Semana após semana o caso Zeca ganha mais um novo capítulo. Depois de uma participação especial do Corinthians, com requintes de dramaticidade e comédia, a novela envolvendo o jogador e o Santos voltou a ser pauta dos noticiários nesta quinta-feira (22), quando o presidente José Carlos Peres anunciou quanto que o Peixe que estiver interessado em levar o jogador deverá pagar.

Quando foi anunciado o quase acerto do lateral-esquerdo com o Corinthians, o mandatário santista ameaçou cobrar 150 milhões de reais de multa rescisória, caso a Justiça desse ganho de causa para o clube do litoral.

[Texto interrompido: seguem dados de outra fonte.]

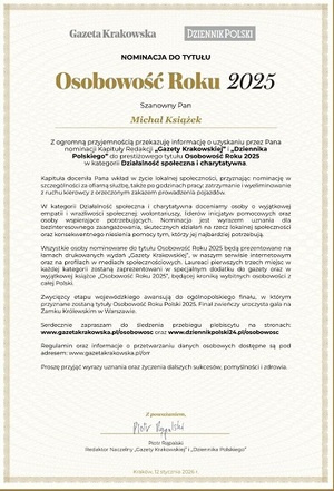 Mł. asp. Michał Książek - Dzielnicowy z Posterunku Policji w Książu Wielkim Komendy Powiatowej Policji w Miechowie uzyskał nominację Kapituły Redakcji "Gazety Krakowskiej" i "Dziennika Polskiego" do prestiżowego tytułu Osobowość Roku 2025 w kategorii Działalność Społeczna i Charytatywna.

A ameaça amedrontou os empresários do jogador, que antes estavam dispostos a pagar a multa – que eles imaginavam ser de 50 milhões de reais – e recuaram.

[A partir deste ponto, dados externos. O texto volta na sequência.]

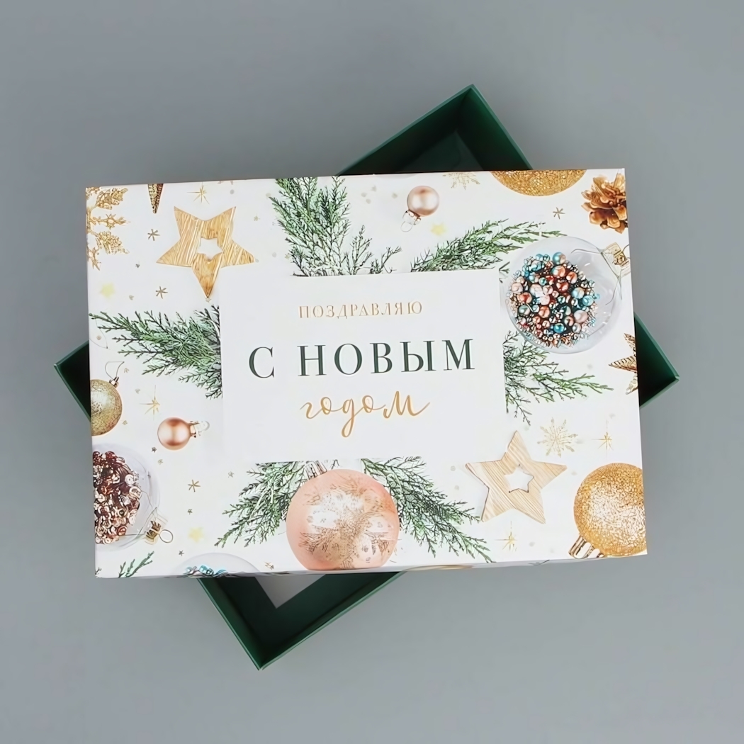 Праздничная коробка "С Новым годом" станет не просто упаковкой, а частью вашего подарка. Её изысканный дизайн с новогодними элементами и надписью в разных стилях шрифта создаст атмосферу праздника.

Agora, no entanto, os valores pedidos pelo Peixe são bem mais módicos. De acordo com Peres, o time que quiser levar Zeca sem correr nenhum risco deverá desembolsar “apenas” 7 milhões de euros, pouco mais de 28 milhões de reais. Além do valor, o mandatário ainda disse que conversou com o atleta e tudo se encaminha para uma saída amigável e que nos próximos dias ele, enfim, será negociado.

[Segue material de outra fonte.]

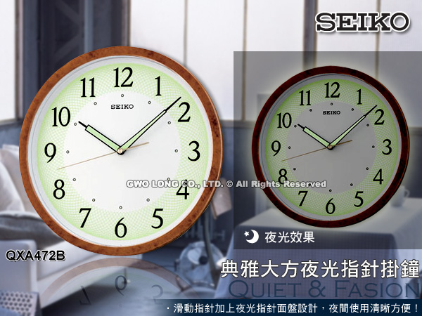 QXA472B SEIKO 夜光指針掛鐘 滑動式秒針設計

“Entendemos que menos de 7 milhões de euros estamos desfazendo de um patrimônio do clube”, explicou Peres ao justificar o valor. “Estamos tentando fazer o melhor negócio com o Zeca para que o clube tenha algum dinheiro de volta”, seguiu o presidente, que minimizou a briga jurídica, afirmando ser normal desavença entre empregador e empregado.

O presidente ainda reforçou que não existe qualquer dívida com o lateral e que seria praticamente impossível que alguém pagasse os 150 milhões de reais.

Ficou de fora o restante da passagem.